--- What you should do ---
All lines from the one containing "Add a delicate" to the end of the listing below should be output exactly; omit the pictures.

--- Dataset content ---
+ + +
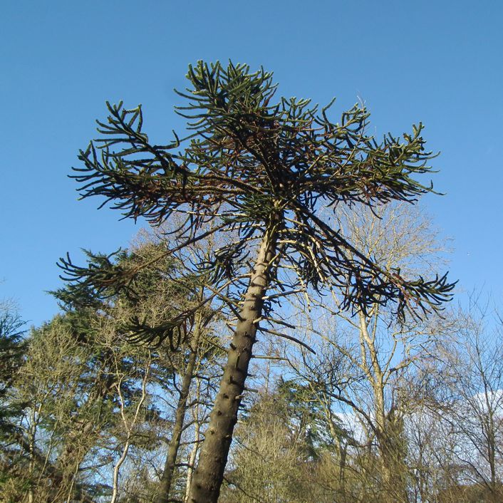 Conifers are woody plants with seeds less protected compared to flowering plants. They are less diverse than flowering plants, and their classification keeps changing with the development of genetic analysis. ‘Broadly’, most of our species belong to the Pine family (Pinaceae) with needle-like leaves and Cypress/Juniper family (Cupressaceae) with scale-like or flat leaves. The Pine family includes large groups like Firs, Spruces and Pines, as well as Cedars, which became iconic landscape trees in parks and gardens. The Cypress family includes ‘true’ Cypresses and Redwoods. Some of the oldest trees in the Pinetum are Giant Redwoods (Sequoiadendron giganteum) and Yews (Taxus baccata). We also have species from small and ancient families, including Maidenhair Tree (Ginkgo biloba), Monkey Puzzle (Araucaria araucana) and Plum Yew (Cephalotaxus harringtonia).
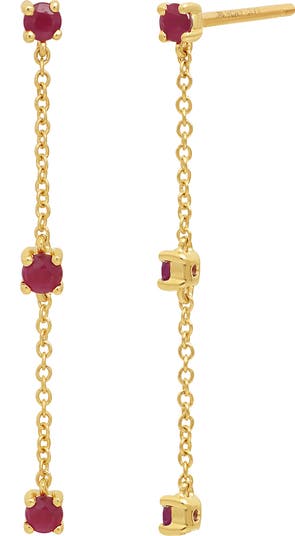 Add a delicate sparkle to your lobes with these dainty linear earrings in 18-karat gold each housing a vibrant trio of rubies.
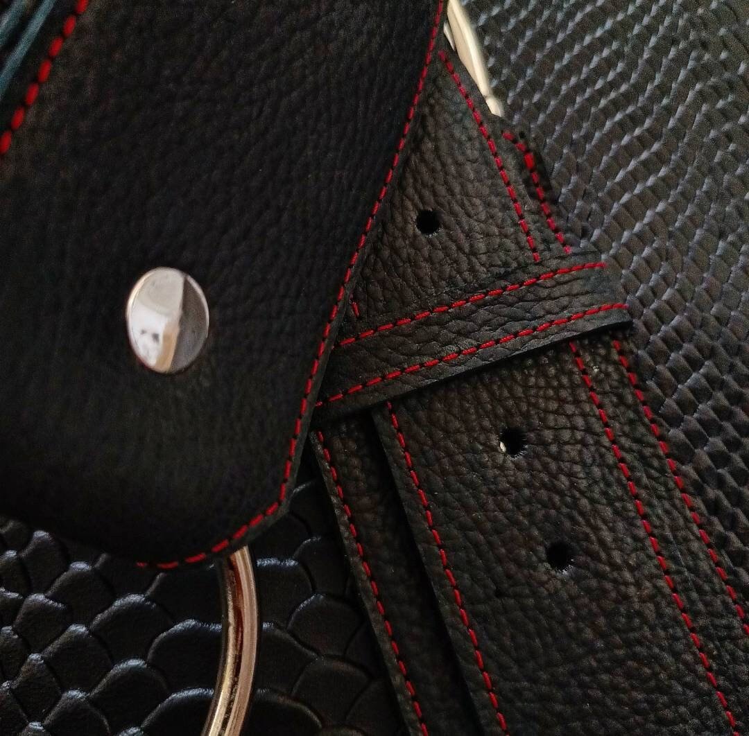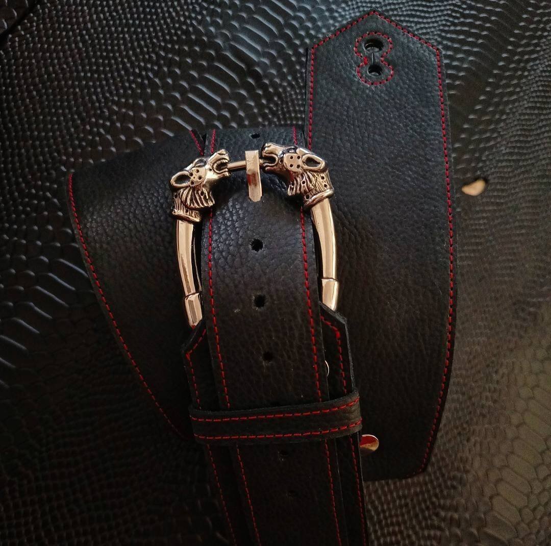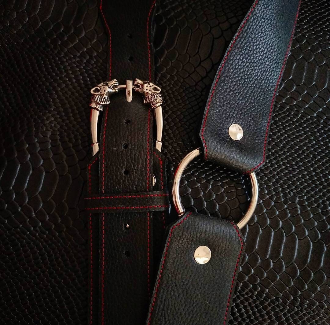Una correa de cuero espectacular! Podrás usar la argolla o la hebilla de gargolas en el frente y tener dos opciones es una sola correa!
+ + +
--- Solved problem ---
 Add a delicate sparkle to your lobes with these dainty linear earrings in 18-karat gold each housing a vibrant trio of rubies.
Una correa de cuero espectacular! Podrás usar la argolla o la hebilla de gargolas en el frente y tener dos opciones es una sola correa!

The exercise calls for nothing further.